-- Opening Marker --

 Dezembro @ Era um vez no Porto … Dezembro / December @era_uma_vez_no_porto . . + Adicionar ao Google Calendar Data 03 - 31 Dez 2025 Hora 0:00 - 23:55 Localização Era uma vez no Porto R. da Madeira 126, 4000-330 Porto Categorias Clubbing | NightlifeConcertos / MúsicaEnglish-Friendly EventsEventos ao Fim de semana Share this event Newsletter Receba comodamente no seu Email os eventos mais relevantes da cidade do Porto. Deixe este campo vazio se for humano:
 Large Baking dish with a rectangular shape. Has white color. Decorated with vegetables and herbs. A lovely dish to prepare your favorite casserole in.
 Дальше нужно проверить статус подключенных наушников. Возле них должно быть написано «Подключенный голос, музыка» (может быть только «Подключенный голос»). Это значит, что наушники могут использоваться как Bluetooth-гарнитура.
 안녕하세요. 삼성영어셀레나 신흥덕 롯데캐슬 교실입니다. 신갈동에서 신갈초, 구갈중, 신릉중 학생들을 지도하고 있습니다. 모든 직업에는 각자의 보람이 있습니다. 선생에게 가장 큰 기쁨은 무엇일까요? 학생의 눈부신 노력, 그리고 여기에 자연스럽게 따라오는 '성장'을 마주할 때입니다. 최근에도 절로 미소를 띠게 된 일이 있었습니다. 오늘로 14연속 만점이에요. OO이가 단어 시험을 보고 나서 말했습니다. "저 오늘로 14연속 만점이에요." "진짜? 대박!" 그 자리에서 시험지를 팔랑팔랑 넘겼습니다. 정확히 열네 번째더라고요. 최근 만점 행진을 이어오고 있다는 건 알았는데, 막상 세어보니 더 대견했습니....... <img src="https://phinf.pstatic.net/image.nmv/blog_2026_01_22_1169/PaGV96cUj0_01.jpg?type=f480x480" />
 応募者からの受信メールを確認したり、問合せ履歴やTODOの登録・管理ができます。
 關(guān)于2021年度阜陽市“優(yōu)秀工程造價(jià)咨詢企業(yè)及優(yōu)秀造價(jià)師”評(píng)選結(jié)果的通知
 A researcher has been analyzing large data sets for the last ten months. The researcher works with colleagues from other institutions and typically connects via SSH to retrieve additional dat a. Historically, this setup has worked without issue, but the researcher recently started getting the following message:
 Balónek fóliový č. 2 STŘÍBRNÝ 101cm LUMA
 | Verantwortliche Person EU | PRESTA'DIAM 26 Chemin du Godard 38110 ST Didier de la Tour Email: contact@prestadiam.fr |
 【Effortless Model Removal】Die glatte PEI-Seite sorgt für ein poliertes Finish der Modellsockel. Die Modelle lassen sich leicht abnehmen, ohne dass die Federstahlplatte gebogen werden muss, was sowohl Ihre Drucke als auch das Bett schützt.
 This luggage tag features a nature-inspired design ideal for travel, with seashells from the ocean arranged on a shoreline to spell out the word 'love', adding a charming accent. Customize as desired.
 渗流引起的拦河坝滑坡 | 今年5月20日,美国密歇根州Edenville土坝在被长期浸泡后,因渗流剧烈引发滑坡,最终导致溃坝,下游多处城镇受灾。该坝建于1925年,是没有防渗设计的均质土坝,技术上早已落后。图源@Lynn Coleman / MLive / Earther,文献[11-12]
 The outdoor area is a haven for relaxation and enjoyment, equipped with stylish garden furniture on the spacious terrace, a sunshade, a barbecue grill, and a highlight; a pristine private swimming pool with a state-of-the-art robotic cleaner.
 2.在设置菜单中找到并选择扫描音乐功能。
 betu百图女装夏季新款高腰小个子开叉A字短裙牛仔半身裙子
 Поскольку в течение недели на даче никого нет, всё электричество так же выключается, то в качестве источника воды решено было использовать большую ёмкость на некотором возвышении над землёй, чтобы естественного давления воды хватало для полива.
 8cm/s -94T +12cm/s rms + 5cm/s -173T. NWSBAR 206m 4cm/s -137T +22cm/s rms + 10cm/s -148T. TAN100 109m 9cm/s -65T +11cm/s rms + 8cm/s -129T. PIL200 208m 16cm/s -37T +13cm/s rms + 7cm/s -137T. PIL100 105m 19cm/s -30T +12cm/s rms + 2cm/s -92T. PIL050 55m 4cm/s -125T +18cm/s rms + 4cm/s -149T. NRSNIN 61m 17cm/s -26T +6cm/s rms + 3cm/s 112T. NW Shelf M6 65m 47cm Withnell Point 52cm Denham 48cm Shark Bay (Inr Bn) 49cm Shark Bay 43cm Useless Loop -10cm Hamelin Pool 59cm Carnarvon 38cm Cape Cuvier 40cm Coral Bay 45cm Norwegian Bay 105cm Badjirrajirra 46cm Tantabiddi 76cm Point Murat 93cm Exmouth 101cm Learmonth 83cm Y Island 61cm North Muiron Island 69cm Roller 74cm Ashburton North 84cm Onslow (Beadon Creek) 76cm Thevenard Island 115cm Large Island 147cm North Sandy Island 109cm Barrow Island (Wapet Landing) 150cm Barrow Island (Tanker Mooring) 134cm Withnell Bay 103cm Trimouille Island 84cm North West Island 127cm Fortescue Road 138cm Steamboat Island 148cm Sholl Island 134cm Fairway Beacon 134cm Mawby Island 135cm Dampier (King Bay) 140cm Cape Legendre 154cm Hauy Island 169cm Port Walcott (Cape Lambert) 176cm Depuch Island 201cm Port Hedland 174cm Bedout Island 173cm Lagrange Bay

-- Closing Marker --

> _TRY IT_
Starting at the line that has "Email: contact@prestadiam.fr |" and ending at the line that has "Поскольку в течение", please write out the lines above exactly, leaving out all others.

> _ANSWER TO THE PROBLEM_
 | Verantwortliche Person EU | PRESTA'DIAM 26 Chemin du Godard 38110 ST Didier de la Tour Email: contact@prestadiam.fr |
 【Effortless Model Removal】Die glatte PEI-Seite sorgt für ein poliertes Finish der Modellsockel. Die Modelle lassen sich leicht abnehmen, ohne dass die Federstahlplatte gebogen werden muss, was sowohl Ihre Drucke als auch das Bett schützt.
 This luggage tag features a nature-inspired design ideal for travel, with seashells from the ocean arranged on a shoreline to spell out the word 'love', adding a charming accent. Customize as desired.
 渗流引起的拦河坝滑坡 | 今年5月20日,美国密歇根州Edenville土坝在被长期浸泡后,因渗流剧烈引发滑坡,最终导致溃坝,下游多处城镇受灾。该坝建于1925年,是没有防渗设计的均质土坝,技术上早已落后。图源@Lynn Coleman / MLive / Earther,文献[11-12]
 The outdoor area is a haven for relaxation and enjoyment, equipped with stylish garden furniture on the spacious terrace, a sunshade, a barbecue grill, and a highlight; a pristine private swimming pool with a state-of-the-art robotic cleaner.
 2.在设置菜单中找到并选择扫描音乐功能。
 betu百图女装夏季新款高腰小个子开叉A字短裙牛仔半身裙子
 Поскольку в течение недели на даче никого нет, всё электричество так же выключается, то в качестве источника воды решено было использовать большую ёмкость на некотором возвышении над землёй, чтобы естественного давления воды хватало для полива.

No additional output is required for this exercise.